Content starts

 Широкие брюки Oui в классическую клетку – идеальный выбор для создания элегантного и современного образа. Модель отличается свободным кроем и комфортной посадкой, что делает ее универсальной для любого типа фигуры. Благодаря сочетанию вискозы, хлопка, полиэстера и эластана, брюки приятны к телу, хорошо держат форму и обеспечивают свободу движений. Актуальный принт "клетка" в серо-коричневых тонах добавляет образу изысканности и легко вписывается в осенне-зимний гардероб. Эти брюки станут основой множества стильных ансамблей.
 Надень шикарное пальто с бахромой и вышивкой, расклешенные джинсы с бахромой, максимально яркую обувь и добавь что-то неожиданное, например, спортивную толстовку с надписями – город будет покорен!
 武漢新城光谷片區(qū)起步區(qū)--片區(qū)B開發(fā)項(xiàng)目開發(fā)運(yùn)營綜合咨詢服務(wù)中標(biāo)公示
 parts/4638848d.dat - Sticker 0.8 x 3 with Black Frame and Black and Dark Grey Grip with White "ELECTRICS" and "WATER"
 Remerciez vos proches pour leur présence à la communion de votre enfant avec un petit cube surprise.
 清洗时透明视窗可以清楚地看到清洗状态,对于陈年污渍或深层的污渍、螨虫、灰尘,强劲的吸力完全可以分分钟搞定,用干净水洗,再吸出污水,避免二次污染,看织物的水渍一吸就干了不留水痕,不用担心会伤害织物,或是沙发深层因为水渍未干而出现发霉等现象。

Content ends
Content starts

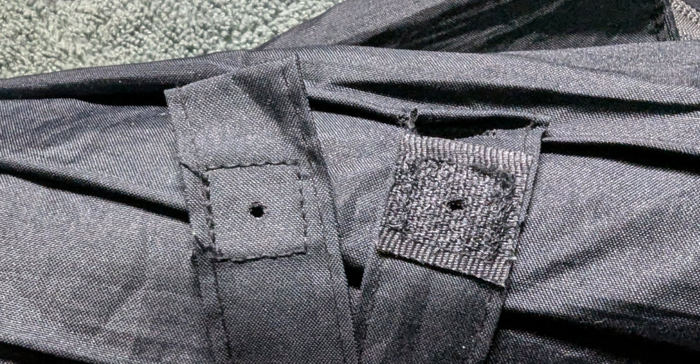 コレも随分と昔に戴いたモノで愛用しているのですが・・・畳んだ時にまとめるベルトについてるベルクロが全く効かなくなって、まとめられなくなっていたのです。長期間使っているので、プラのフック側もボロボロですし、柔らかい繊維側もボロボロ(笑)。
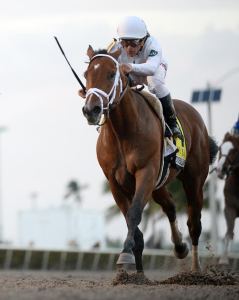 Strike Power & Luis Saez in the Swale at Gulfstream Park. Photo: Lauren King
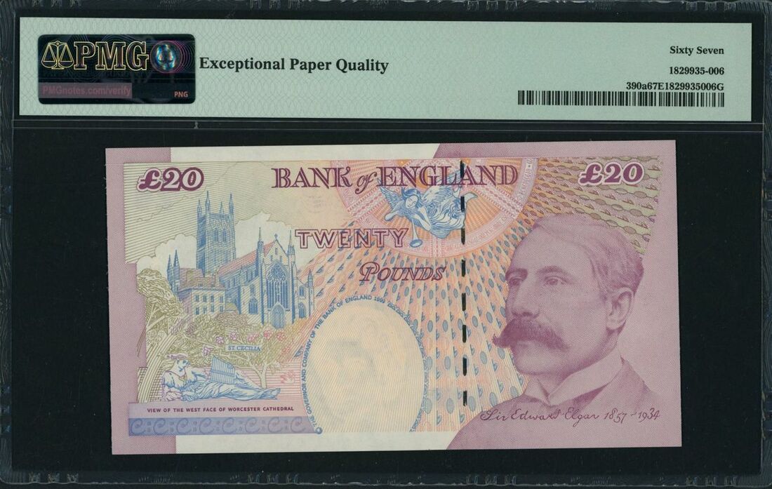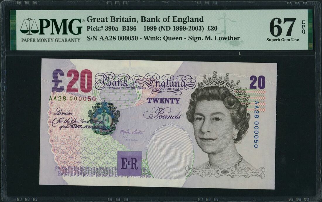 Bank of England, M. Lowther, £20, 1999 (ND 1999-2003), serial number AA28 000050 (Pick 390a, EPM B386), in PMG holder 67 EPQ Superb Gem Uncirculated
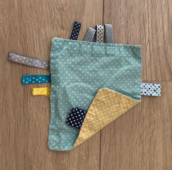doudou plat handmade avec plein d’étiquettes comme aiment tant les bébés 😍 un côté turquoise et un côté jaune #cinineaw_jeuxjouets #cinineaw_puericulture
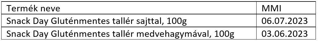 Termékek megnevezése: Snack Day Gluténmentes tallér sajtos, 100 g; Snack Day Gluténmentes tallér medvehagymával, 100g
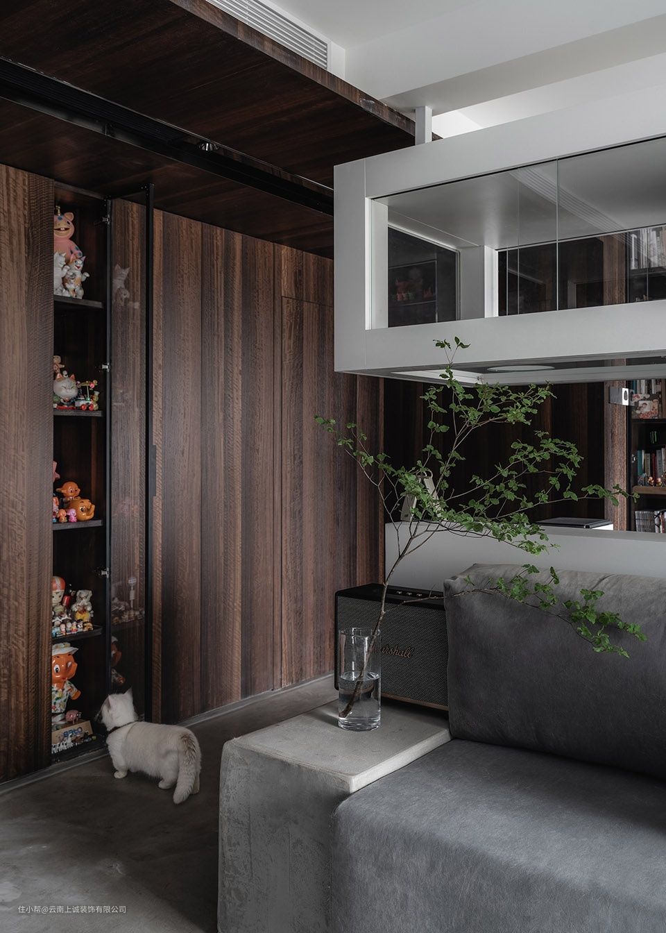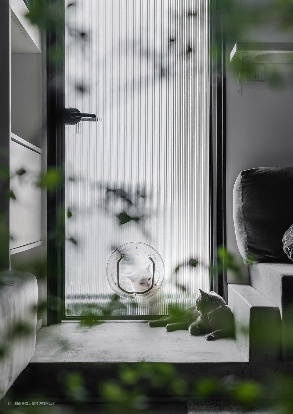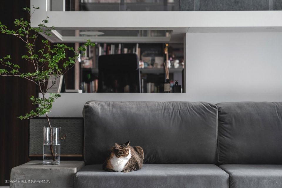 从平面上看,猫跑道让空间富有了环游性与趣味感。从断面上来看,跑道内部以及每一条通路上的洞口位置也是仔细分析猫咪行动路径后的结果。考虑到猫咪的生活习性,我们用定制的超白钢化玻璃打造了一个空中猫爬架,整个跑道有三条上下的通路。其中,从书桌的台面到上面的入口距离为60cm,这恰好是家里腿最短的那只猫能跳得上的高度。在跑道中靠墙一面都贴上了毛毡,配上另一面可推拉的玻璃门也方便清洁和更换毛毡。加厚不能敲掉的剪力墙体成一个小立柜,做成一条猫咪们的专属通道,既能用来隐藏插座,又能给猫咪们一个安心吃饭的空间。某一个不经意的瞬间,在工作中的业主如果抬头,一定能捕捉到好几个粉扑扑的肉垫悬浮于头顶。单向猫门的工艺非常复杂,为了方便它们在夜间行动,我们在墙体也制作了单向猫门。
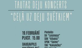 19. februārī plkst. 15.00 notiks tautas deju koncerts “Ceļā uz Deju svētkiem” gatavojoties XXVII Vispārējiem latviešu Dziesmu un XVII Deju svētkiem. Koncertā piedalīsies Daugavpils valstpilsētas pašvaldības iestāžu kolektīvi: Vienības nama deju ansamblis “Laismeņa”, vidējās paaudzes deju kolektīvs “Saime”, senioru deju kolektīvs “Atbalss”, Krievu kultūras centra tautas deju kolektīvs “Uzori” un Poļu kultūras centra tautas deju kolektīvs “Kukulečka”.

Content ends

■ **Exercise objective**:
Exactly the lines above from the one with "Широкие брюки Oui" to the one with "parts/4638848d.dat - Sticker", both included, are to be quoted; leave the rest out.

■ **Solution**:
 Широкие брюки Oui в классическую клетку – идеальный выбор для создания элегантного и современного образа. Модель отличается свободным кроем и комфортной посадкой, что делает ее универсальной для любого типа фигуры. Благодаря сочетанию вискозы, хлопка, полиэстера и эластана, брюки приятны к телу, хорошо держат форму и обеспечивают свободу движений. Актуальный принт "клетка" в серо-коричневых тонах добавляет образу изысканности и легко вписывается в осенне-зимний гардероб. Эти брюки станут основой множества стильных ансамблей.
 Надень шикарное пальто с бахромой и вышивкой, расклешенные джинсы с бахромой, максимально яркую обувь и добавь что-то неожиданное, например, спортивную толстовку с надписями – город будет покорен!
 武漢新城光谷片區(qū)起步區(qū)--片區(qū)B開發(fā)項(xiàng)目開發(fā)運(yùn)營綜合咨詢服務(wù)中標(biāo)公示
 parts/4638848d.dat - Sticker 0.8 x 3 with Black Frame and Black and Dark Grey Grip with White "ELECTRICS" and "WATER"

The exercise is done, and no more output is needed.